As for my share of the money, I used it as best I could. I restored the aging farmhouse, bought a decent tractor, and acquired the adjacent two-hundred-acre parcel. It is good land, with rich soil and a bold stream. I also have my eye on eighty acres that borders to the south, but the sellers know my ambitions and their price is still too high. But I can be patient.

I hear the door swing open behind me and smile in spite of myself. She only wakes when I find my way to this window. It’s as if she knows I’m here and rises to join me in looking down on this garden we’ve made. Her arms slip warm across my chest, and I see her face in the window-Vanessa, my wife.

“What are you thinking about?” she asks.

“I had the dream again.”

“The same one?”

“Yes.”

“Come back to bed,” she says.

“In a minute.”

She kisses me and returns to bed.

My hands find the windowsill and I feel the cold draft coming through. I think of what I’ve learned and of those things I have yet to discover. Farming is a tough life, replete with uncertainty, and much of it is new to me. Yet I’ve grown lean and welcome the long hours that have made my hands so hard. It suits me, this life. There is no rush, neither to judgment nor to action; and that, perhaps, has led to the greatest change of all, for I have yet to face a single regret.
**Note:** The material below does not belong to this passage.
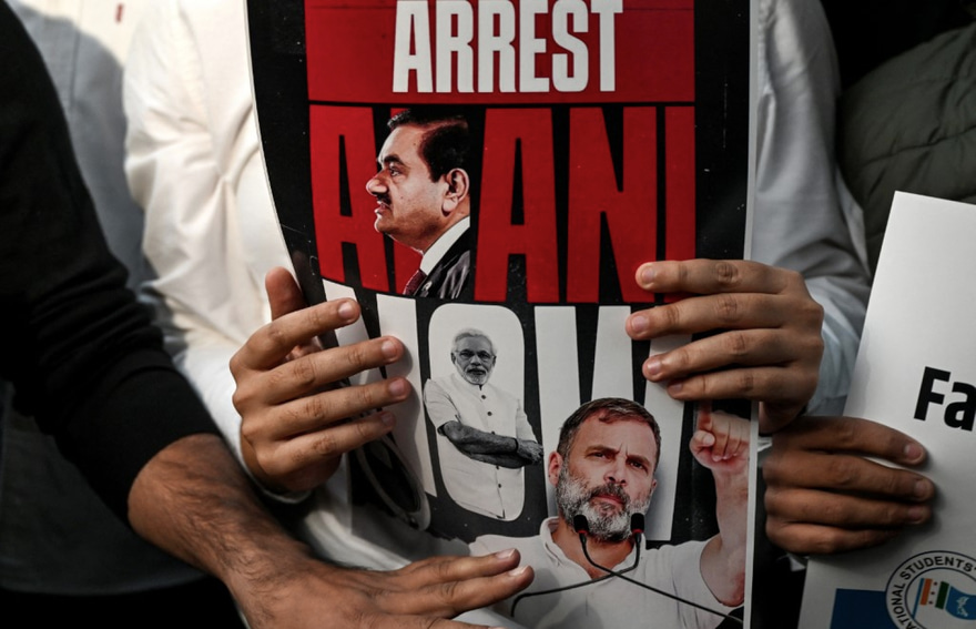 އިދިކޮޅު ލީޑަރު ރާހުލް ގާންދީ އިއްޔެ ބޭއްވި ނޫސްވެރިންގެ ބައްދަލުވުމެއްގައި ވަނީ އަދާނީ ހައްޔަރުކުރުމަށާއި ސެބީގެ ވެރިޔާގެ މަގާމުން ބުޗް ދުރުކުރުމަށް ގޮވާލައްވައިފަ އެވެ. އަދި އަދާނީ އަށް މޯދީ ހިމާޔަތް ދެއްވާ ކަމަށް އޭނާ ތުހުމަތު ކުރެއްވި އެވެ.

Yet I remain my father’s son, and it is not possible to escape fully the reprehensible choices he made. I know that I can never forgive him. But fate, which can be so wayward, is not without a sense of justice. Ezra played his games with Barbara, manipulated her for his own twisted ends. At her insistence, he changed his will, inserted a clause providing that any child of mine would inherit the fifteen million dollars in the event of my death. It was Barbara’s idea, her safety valve, and I am quite certain that my father planned to change it once he was through with her. But she killed him before he could sign the new documents. Maybe that’s why she shot him. I’ll never know. But I realized, when I finally read through his will, that there was no time limit involved. So I did the research, and what I learned was this: When I die, whenever that might occur, my child will inherit a large part of Ezra’s millions. I filed a caveat on the matter, seeking declaratory judgment. Hambly fought it, of course, and the loss still embitters him. But the will was specific, and the law favored my interpretation.

After awhile, I retrace my steps and slip under the covers. She’s warm, on her side, and I flatten myself against her. The dream seems more real each time, and each time takes longer to leave me. We walk over green grass, the three of us.

Tell me the story, Daddy.

Which one?

My favorite.

I reach for Vanessa, my hand finding her belly. She sinks deeper under the covers and nestles back against me.

“I hope it’s a girl,” I whisper.

“It is,” she says, and settles her hand upon my own.

I can’t say if she knows this or simply feels it. For me, it is enough. I hear her voice from the dream-my little girl-and I contemplate the vast fortune that will one day be hers. I think for the last time of my father, and of his feelings about women and money. There is poetry in this, an irony that completes the circle, and I wonder if he is restless in that dark and forever grave.

I stay in bed for a few more minutes, but the day beckons and I am restless. I pull on jeans and a sweater, and Bone follows me downstairs. It is cold outside, and I stand on the porch in the predawn light. I take a breath that fills me up and look out across the silent fields. There is a low mist in the hollow places, and the hilltops rise to meet the coming sun.